Work task »
In the records below, find the line with "Platinum Sapphire &", then retype it and every following line exactly, stopping after the line with "특징: 생리 전 증후군(PMS)보다". Leave the pictures out.

Extracted material »
- - - - -

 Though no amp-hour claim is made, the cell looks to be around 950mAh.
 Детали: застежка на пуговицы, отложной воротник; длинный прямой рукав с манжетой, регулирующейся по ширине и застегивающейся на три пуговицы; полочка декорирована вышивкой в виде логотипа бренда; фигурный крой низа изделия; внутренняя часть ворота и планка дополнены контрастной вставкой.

- - - - -

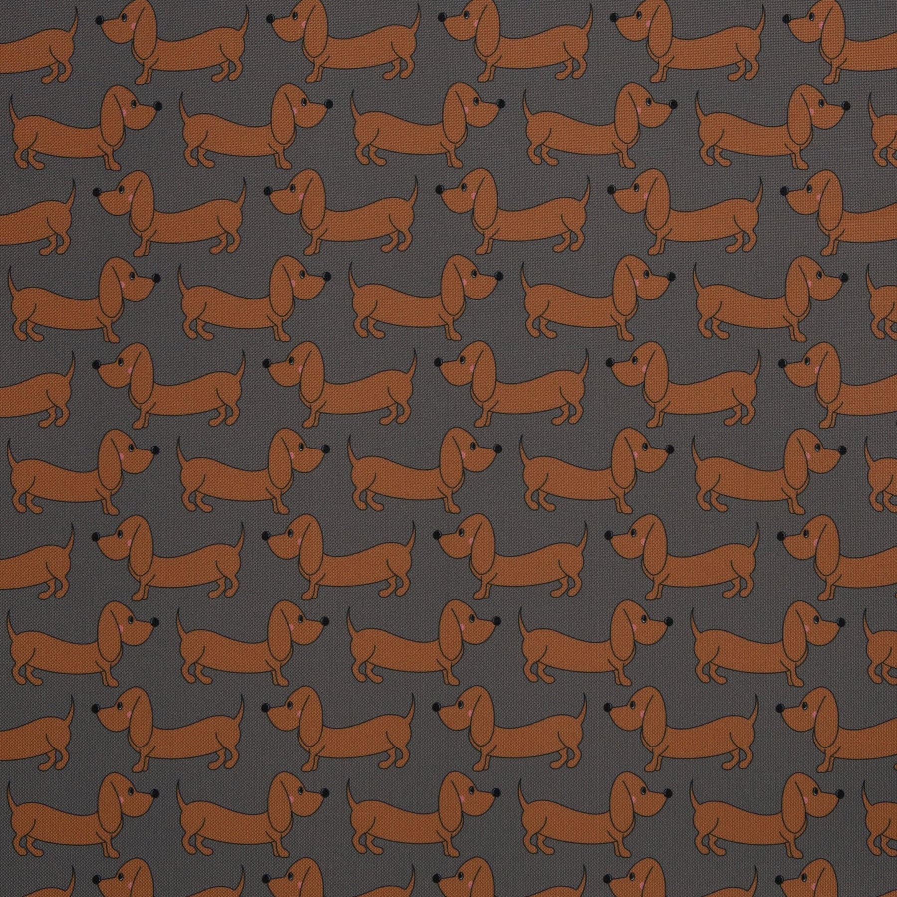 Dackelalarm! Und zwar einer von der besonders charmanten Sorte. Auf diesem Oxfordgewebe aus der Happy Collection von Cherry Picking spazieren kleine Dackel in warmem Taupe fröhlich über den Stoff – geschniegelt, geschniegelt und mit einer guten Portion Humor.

- - - - -

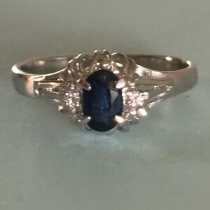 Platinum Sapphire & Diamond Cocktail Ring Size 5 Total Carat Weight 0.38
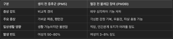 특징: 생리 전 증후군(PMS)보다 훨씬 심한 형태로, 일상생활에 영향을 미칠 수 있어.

- - - - -

Task response »
 Platinum Sapphire & Diamond Cocktail Ring Size 5 Total Carat Weight 0.38
 특징: 생리 전 증후군(PMS)보다 훨씬 심한 형태로, 일상생활에 영향을 미칠 수 있어.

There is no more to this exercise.